__DATA SECTION__.

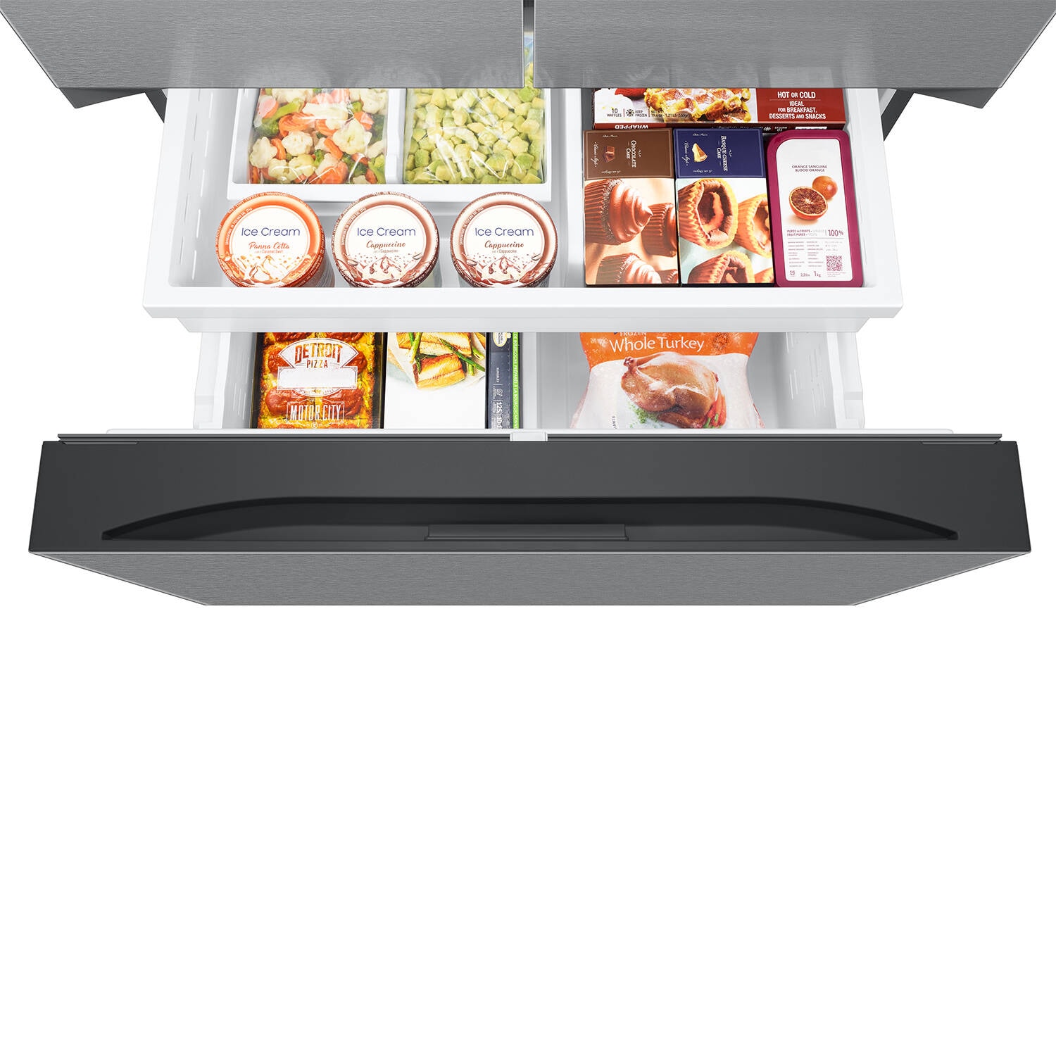 Samsung’s 26 cu. ft. Mega Capacity Counter Depth, 3-Door French Door refrigerator has a modern design to blend seamlessly into your kitchen. Get extra space to store more groceries, including big and bulky items. Plus, get easy access to chilled, filtered water and curved or crushed ice with the external water and ice dispenser.
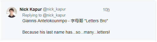 为什么中国球迷要叫他“字母哥”呢?尼克说,因为他的姓(Antetokounmpo)。。。实在是太多字母了!
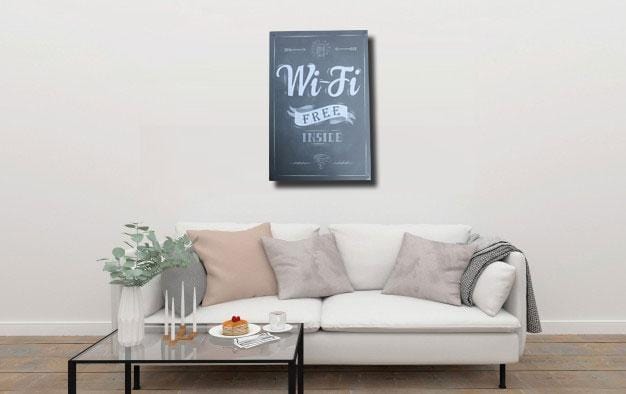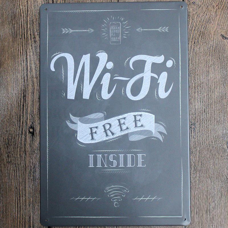 Free Wifi Inside Metal Tin Sign Poster - Wall metal tin poster will adorn the look and feel of your room's wall. The wall poster has dimensions of 20 x 30 cm and can be stuck in any corner of your room and it will look just as great.
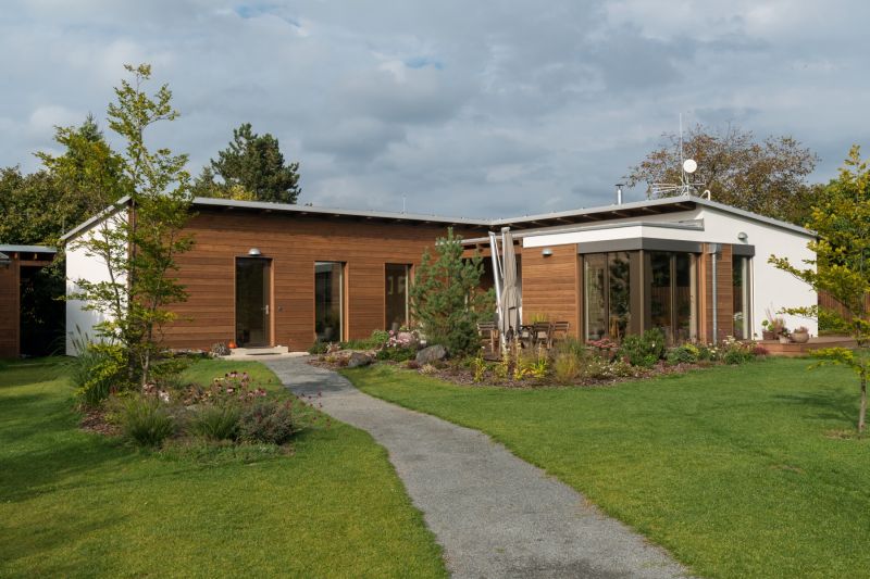 - Konstrukční systém: masivní dřevěné panely (DEKPANEL), pohledové i skryté krokve, dřevovláknitá tepelná izolace

__BRIEF__. Skip the pictures, then return the rest of the data exactly.

__EXERCISE SOLUTION__.
 Samsung’s 26 cu. ft. Mega Capacity Counter Depth, 3-Door French Door refrigerator has a modern design to blend seamlessly into your kitchen. Get extra space to store more groceries, including big and bulky items. Plus, get easy access to chilled, filtered water and curved or crushed ice with the external water and ice dispenser.
 为什么中国球迷要叫他“字母哥”呢?尼克说,因为他的姓(Antetokounmpo)。。。实在是太多字母了!
 Free Wifi Inside Metal Tin Sign Poster - Wall metal tin poster will adorn the look and feel of your room's wall. The wall poster has dimensions of 20 x 30 cm and can be stuck in any corner of your room and it will look just as great.
 - Konstrukční systém: masivní dřevěné panely (DEKPANEL), pohledové i skryté krokve, dřevovláknitá tepelná izolace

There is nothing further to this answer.